Today started off like any other day, and up until 8pm or so it really was. For some reason I can’t grasp, though, I’ve been feeling maudlin all evening. I don’t know what’s going on in my own head sometimes. I think it may be the fact that all my friends seem to have moved onto the Next Stage of their lives – bought houses, got married, had kids, whatever – while I feel like I’m stuck in a rut. I’m feeling kind of like I’ve been doing the same thing in different places for over a decade. And I don’t mean work; I love what I do and wouldn’t change anything in that regard. No, it’s really my life outside of work. For a long time I’ve been letting it pass me by, and I’m so set in my ways that I don’t even know how to shake things up any more.

God, when did I turn into such an emo prat?

Oh yeah!

Wednesday, July 23rd, 2008

The very first review for the PSP version of n+ (the game I just finished working on) is up. Now, I’d never heard of GamingBits before, so take the review as you will, but it’s nice to see that all the pain and overtime is meeting with positive feedback. n+ for Sony PSP and Nintendo DS hits the stores on August 12th.

Edit: The street date for n+ is actually August 26th.

HAHAHAHAHAHA

Monday, July 21st, 2008

I just saw a TV ad for the new Def Leppard album, and I haven’t laughed so hard in ages. The big draw, the “featuring” line on the ad? “Featuring country superstar Tim McGraw!”

HAHAHAHAHAHAHA!

One of the biggest hair metal bands of the 1980s is reduced to having a COUNTRY singer do a cameo to sell their album!

DAMN IT!

Sunday, June 1st, 2008

ARGH! The right hinge on my DS Lite broke.
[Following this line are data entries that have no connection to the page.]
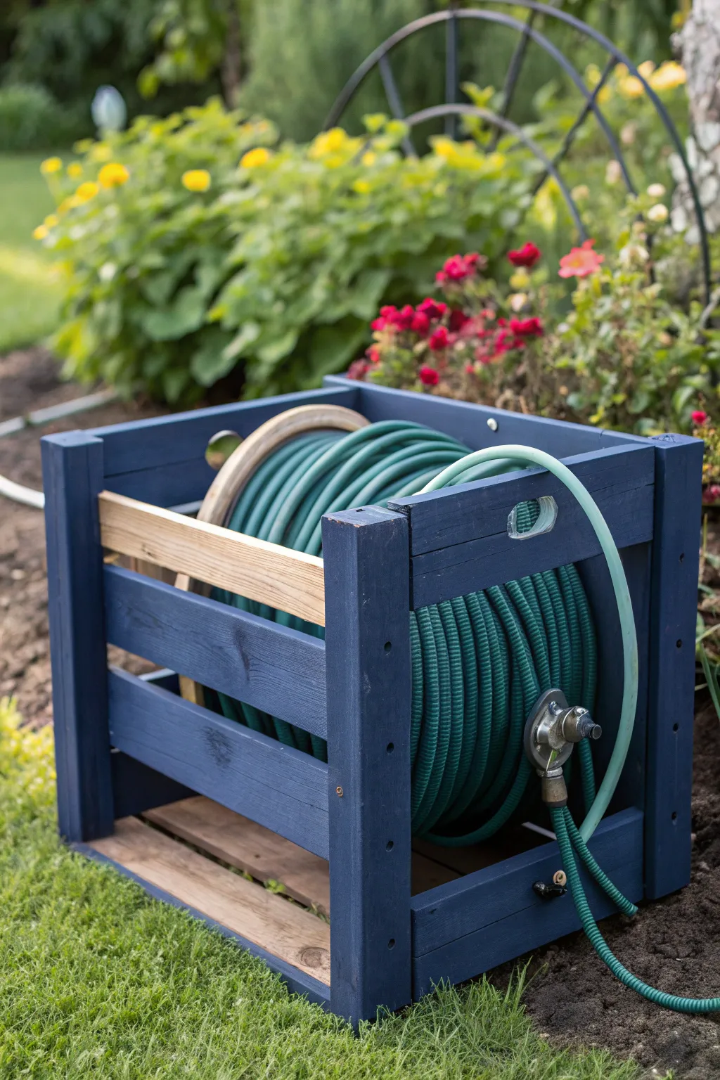 Elevate your garden style with this handcrafted wooden crate hose reel—where practicality meets artistry.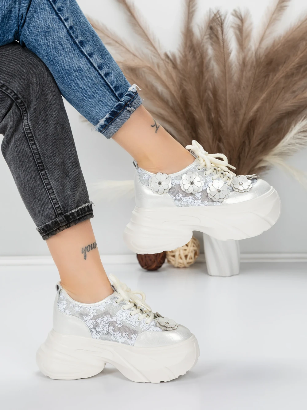 Дамски кецове с платформа M0182-104 Сребро Seniorah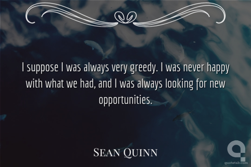 I suppose I was always very greedy. I was never happy with what we had, and I was always looking for new opportunities.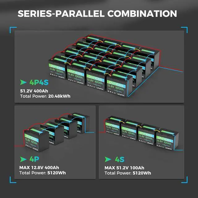 Meet the Needs of Various ScenariosDyness Group 24 LiFePO4 battery is nearly 25% smaller than Group 31 size, so that you can connect up to 4 in series and 4 in parallel with 16 batteries to build a substantial 20.48 kWh storage system for large energy demands. Power your RV adventures, solar energy systems, home backup, off-grid living, boating, and more with this single, high-performance Dyness battery.

There goes 130 bucks, ‘cuz I really can’t live without one.

Capcomedy

Thursday, April 24th, 2008

Anyone who bought Okami for Wii doubtlessly noticed the horrid cover – marred with a baked in “9.5 from Play Magazine!” review blob on the front, and an IGN watermark on the image. Capcom has heard the cries and is, I bet, justifiably embarrassed. Enough so that they’re offering replacement covers for the game. I like them all and wish I could have all three, but I’ll settle for the first one – it’s so nice I might just hang it on my wall instead of slipping inside the Okami case.

A little less magic…

Tuesday, March 18th, 2008

Science fiction trailblazer Arthur C. Clarke has died. Despite my mixed feelings about many of his books, Mr. Clarke will always have a place in my heart for saying “Any sufficiently advanced technology is indistinguishable from magic.” Such tremendous insight in so few words.

Pathetic

Saturday, July 21st, 2007

Is it just me, or is the fauxhawk the lamest form of “rebellion” ever? I keep seeing kids wearing their hair in fauxhawks, and I think it’s the most ridiculous thing I’ve ever seen. I’m going to sound like a crusty old man here, but I remember the mohawk being about rebellion – you know, make yourself look thoroughly unorthodox and place yourself outside of normal society. Furthermore, shaving the best part of your head meant there was no way out, short of shaving your head bald (which was also a fairly rebellious thing to do – far more so 20 years ago than it is now). The fauxhawk, though, is a joke – there’s no commitment involved. It’s spray-on rebellion. Maybe it’s just me, but I think I’d rather look stupid than look gutless.

Best. Video. Ever.

Wednesday, January 17th, 2007

Monkey Farm Frankenstein vs. The Evil Dead – this is a work of staggering genius.



(thanks, jwz!)

A Sad Day

Thursday, January 11th, 2007

Robert Anton Wilson died today. It’s been years since I’ve read the Illuminatus trilogy, I think I must go reread it.